Task objective: Could you repeat exactly the lines below, from the line containing "3、遇到标有【3】和【5】的" through the last one, both included, while leaving out any pictures?

**** Task material ****

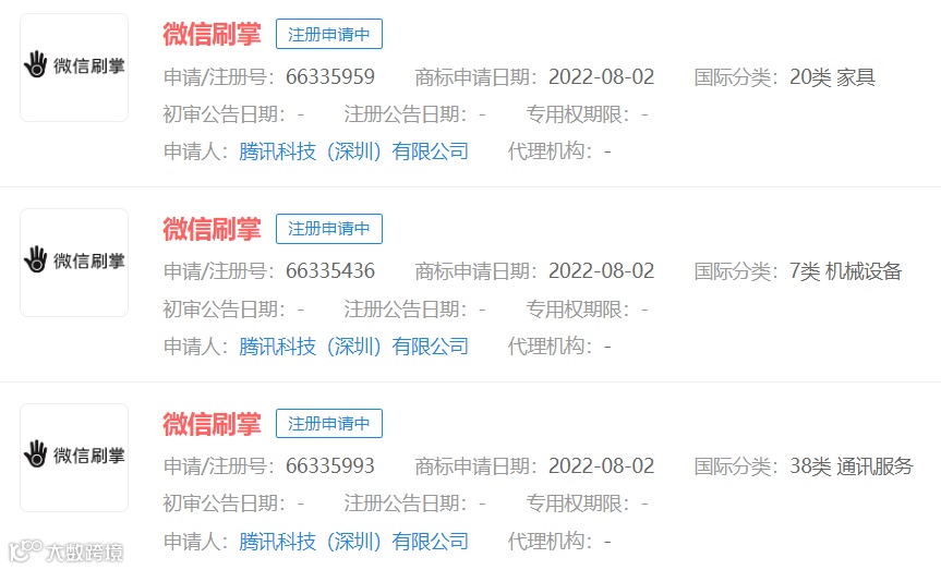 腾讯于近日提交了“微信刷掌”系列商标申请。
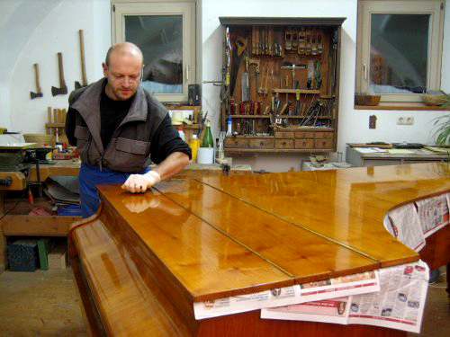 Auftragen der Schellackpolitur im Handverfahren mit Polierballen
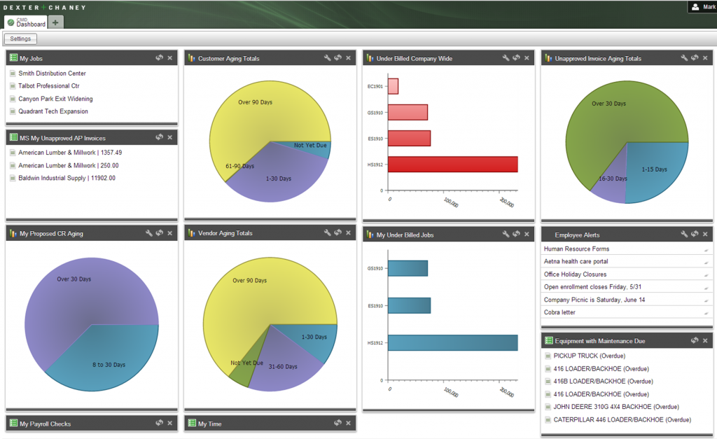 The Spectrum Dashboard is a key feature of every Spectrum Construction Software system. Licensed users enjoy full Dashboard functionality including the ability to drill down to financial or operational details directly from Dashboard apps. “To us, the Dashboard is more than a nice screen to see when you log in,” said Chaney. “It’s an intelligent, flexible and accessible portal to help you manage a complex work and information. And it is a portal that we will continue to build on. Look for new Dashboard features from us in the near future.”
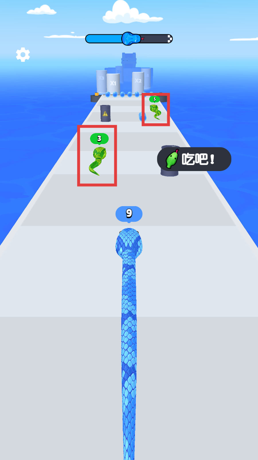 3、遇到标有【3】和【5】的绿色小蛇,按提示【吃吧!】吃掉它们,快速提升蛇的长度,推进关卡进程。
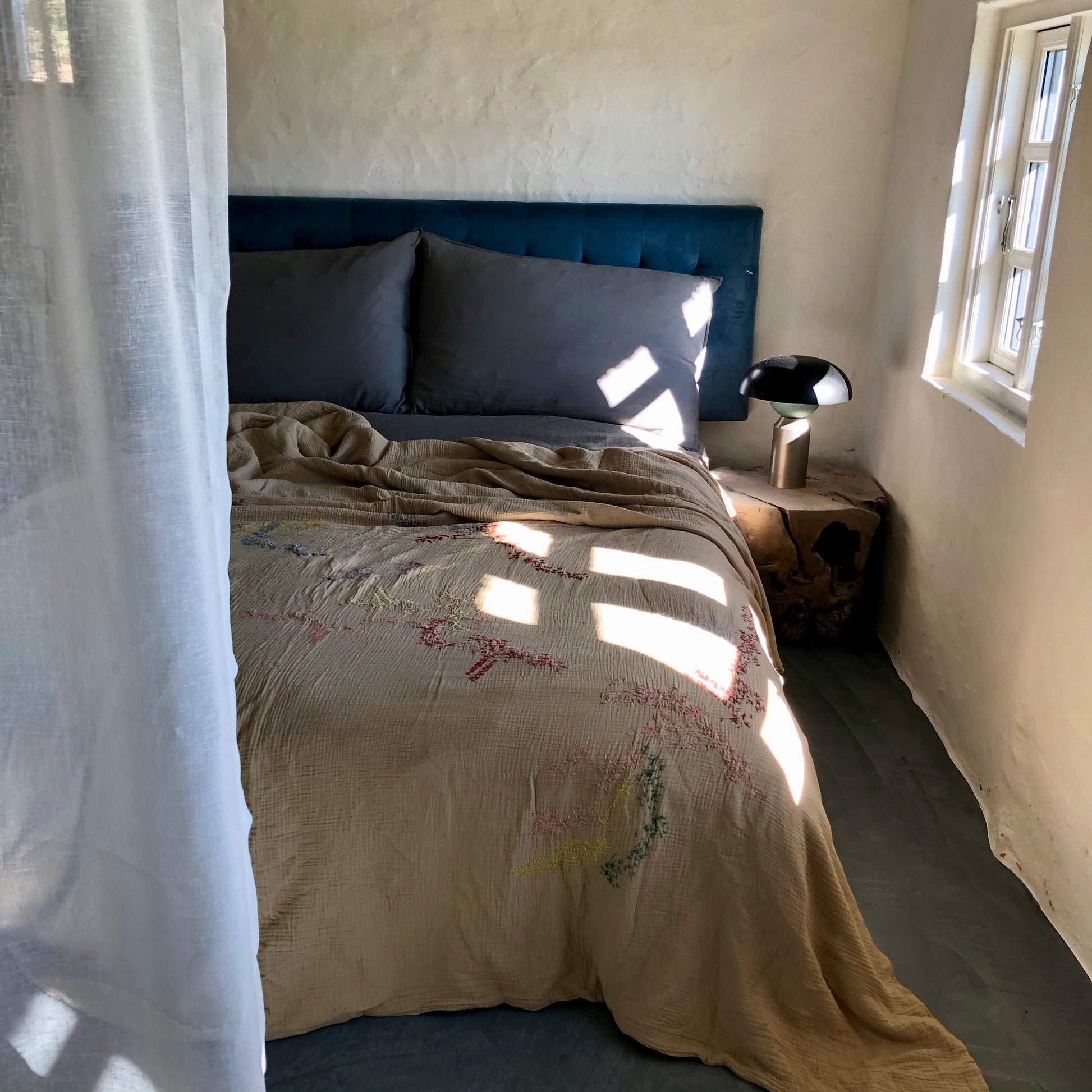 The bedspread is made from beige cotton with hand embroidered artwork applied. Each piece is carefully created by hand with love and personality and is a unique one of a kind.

****

Solution for this exercise:
 3、遇到标有【3】和【5】的绿色小蛇,按提示【吃吧!】吃掉它们,快速提升蛇的长度,推进关卡进程。
 The bedspread is made from beige cotton with hand embroidered artwork applied. Each piece is carefully created by hand with love and personality and is a unique one of a kind.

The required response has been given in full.